Records for the exercise:

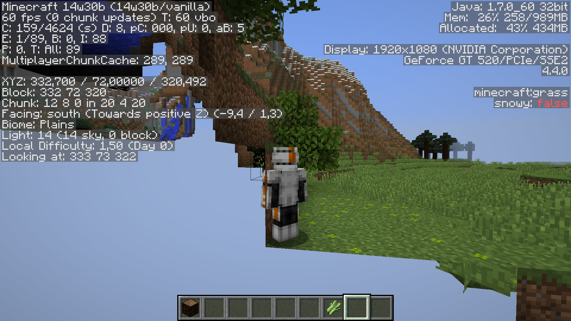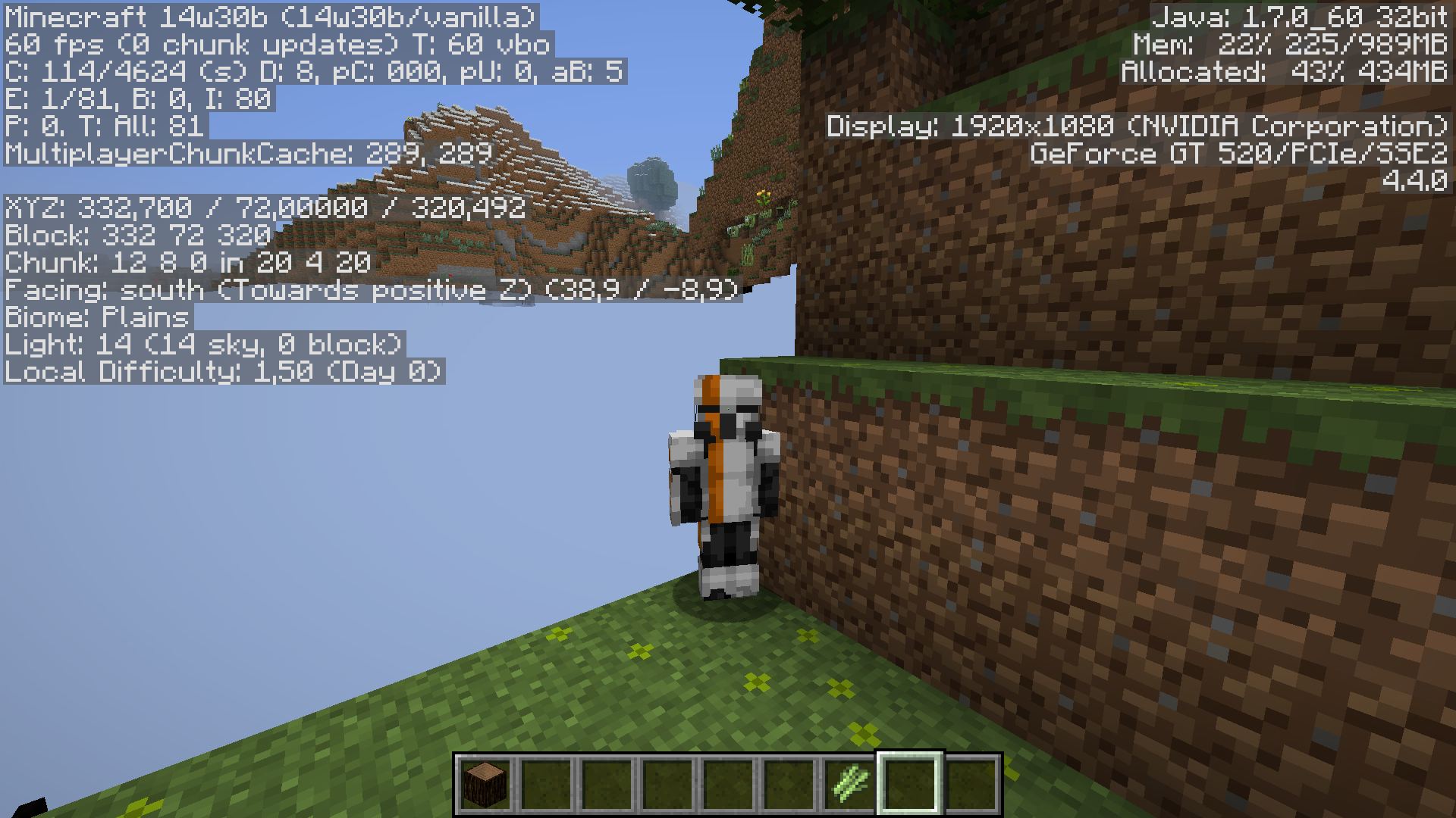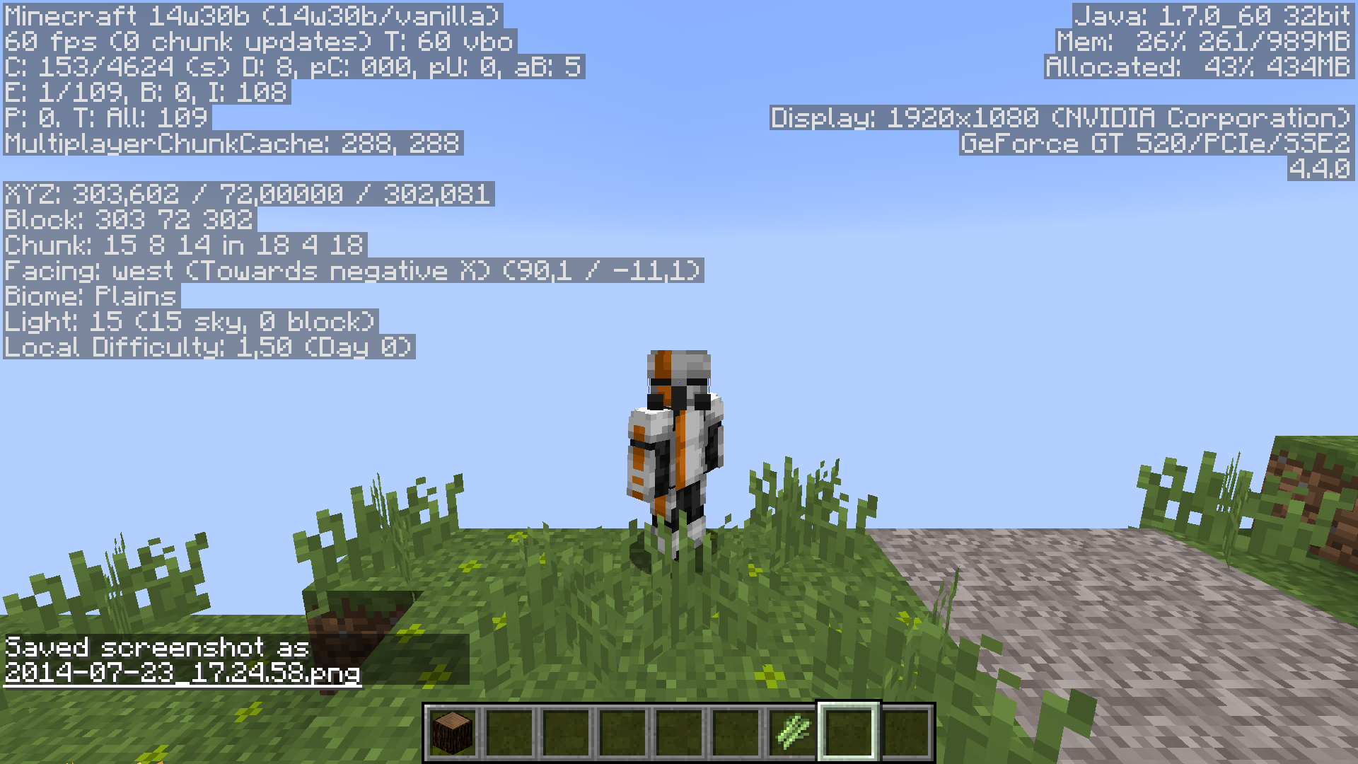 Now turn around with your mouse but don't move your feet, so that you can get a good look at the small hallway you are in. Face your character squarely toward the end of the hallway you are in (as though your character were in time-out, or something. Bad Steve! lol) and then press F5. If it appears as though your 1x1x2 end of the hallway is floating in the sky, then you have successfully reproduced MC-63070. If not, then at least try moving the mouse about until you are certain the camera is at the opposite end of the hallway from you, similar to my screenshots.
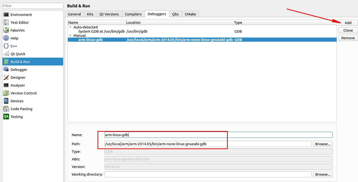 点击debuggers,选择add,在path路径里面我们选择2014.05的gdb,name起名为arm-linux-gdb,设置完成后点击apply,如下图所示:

==

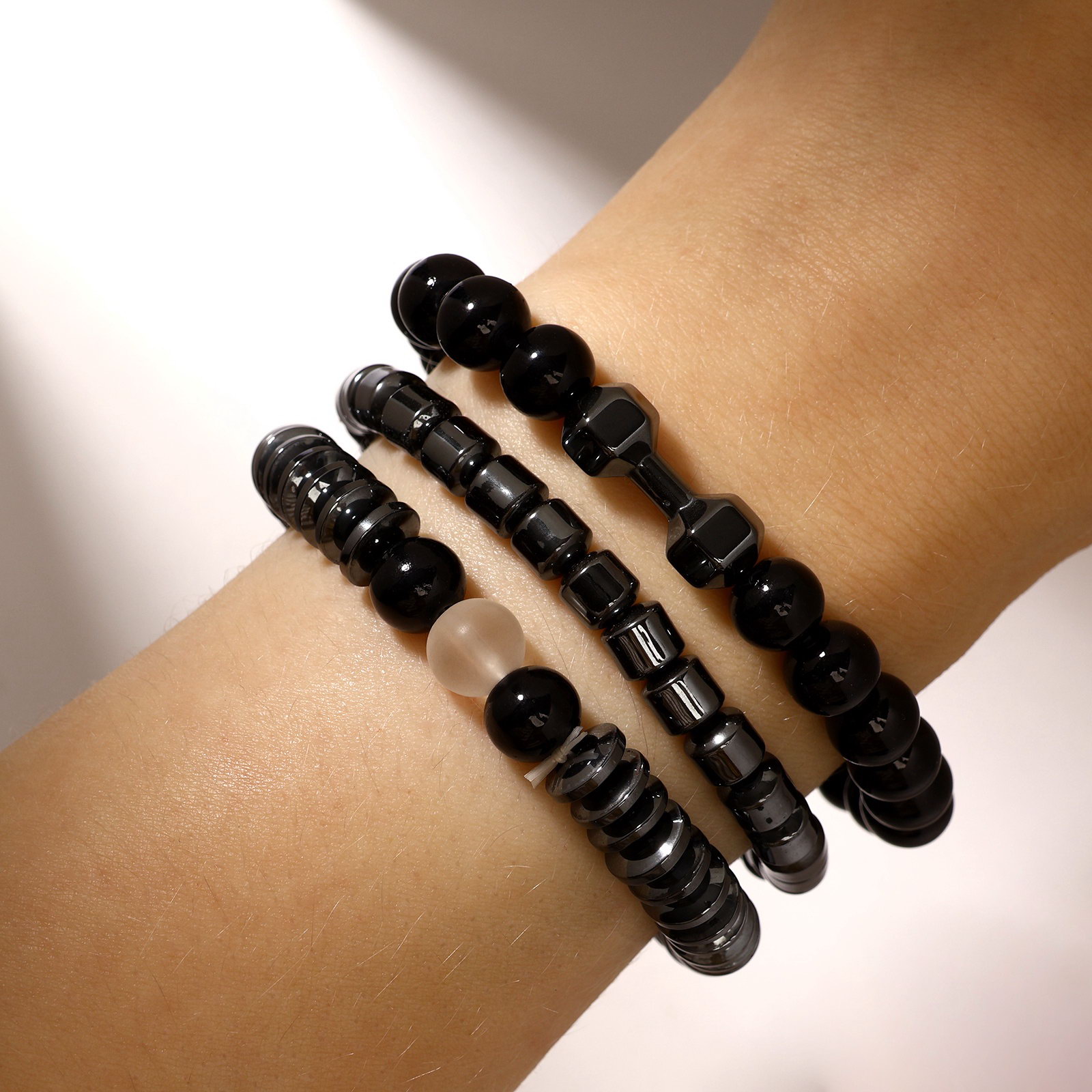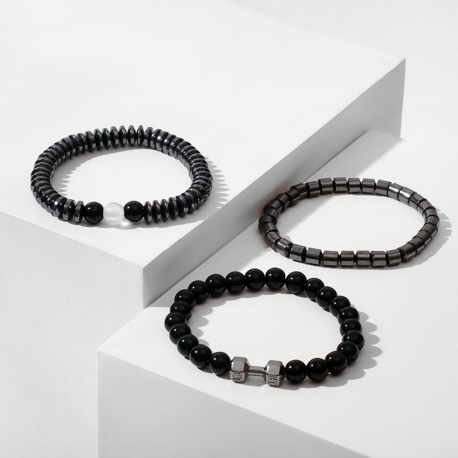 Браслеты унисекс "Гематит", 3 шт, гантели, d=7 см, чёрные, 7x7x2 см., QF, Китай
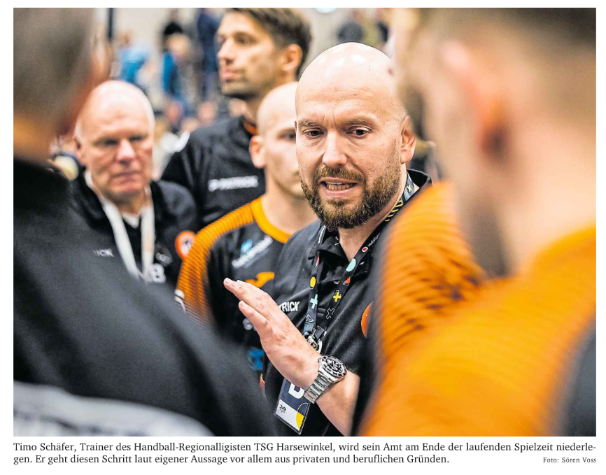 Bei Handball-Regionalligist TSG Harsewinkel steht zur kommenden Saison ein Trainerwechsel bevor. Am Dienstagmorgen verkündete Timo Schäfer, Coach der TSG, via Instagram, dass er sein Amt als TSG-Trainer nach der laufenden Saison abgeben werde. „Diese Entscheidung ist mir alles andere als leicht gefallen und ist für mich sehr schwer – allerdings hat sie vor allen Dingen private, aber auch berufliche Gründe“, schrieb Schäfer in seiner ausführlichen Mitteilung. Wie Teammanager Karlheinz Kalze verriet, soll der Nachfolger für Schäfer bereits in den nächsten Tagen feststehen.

...

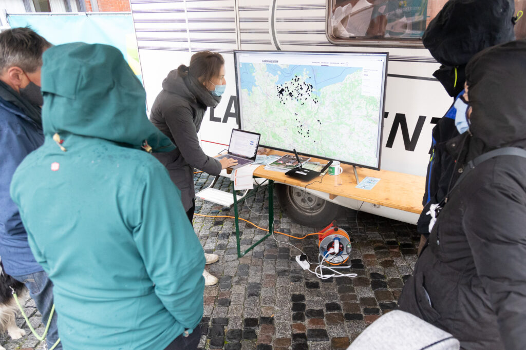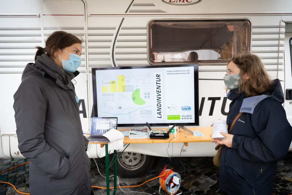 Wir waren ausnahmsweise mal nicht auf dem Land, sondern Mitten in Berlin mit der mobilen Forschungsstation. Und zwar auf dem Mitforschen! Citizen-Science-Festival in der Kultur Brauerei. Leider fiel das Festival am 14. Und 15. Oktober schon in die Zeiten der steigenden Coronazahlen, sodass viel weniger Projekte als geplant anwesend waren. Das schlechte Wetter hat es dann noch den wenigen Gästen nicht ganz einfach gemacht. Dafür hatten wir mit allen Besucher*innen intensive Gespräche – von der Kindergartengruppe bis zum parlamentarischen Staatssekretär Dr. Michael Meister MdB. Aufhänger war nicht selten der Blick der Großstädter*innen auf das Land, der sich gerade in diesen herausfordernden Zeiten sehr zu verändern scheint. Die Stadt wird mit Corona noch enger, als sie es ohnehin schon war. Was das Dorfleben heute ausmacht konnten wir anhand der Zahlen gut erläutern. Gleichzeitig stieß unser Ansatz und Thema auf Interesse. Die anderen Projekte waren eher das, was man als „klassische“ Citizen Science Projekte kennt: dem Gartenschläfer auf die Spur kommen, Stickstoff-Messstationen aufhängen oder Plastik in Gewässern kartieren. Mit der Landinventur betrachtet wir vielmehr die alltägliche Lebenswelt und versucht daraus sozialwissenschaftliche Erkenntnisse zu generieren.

What this task involves: When you reach the line with "см., QF, Китай" in the records above, begin repeating the lines exactly, and stop after the line with "Bei Handball-Regionalligist TSG". Skip all pictures.

Task result:
 Браслеты унисекс "Гематит", 3 шт, гантели, d=7 см, чёрные, 7x7x2 см., QF, Китай
 Bei Handball-Regionalligist TSG Harsewinkel steht zur kommenden Saison ein Trainerwechsel bevor. Am Dienstagmorgen verkündete Timo Schäfer, Coach der TSG, via Instagram, dass er sein Amt als TSG-Trainer nach der laufenden Saison abgeben werde. „Diese Entscheidung ist mir alles andere als leicht gefallen und ist für mich sehr schwer – allerdings hat sie vor allen Dingen private, aber auch berufliche Gründe“, schrieb Schäfer in seiner ausführlichen Mitteilung. Wie Teammanager Karlheinz Kalze verriet, soll der Nachfolger für Schäfer bereits in den nächsten Tagen feststehen.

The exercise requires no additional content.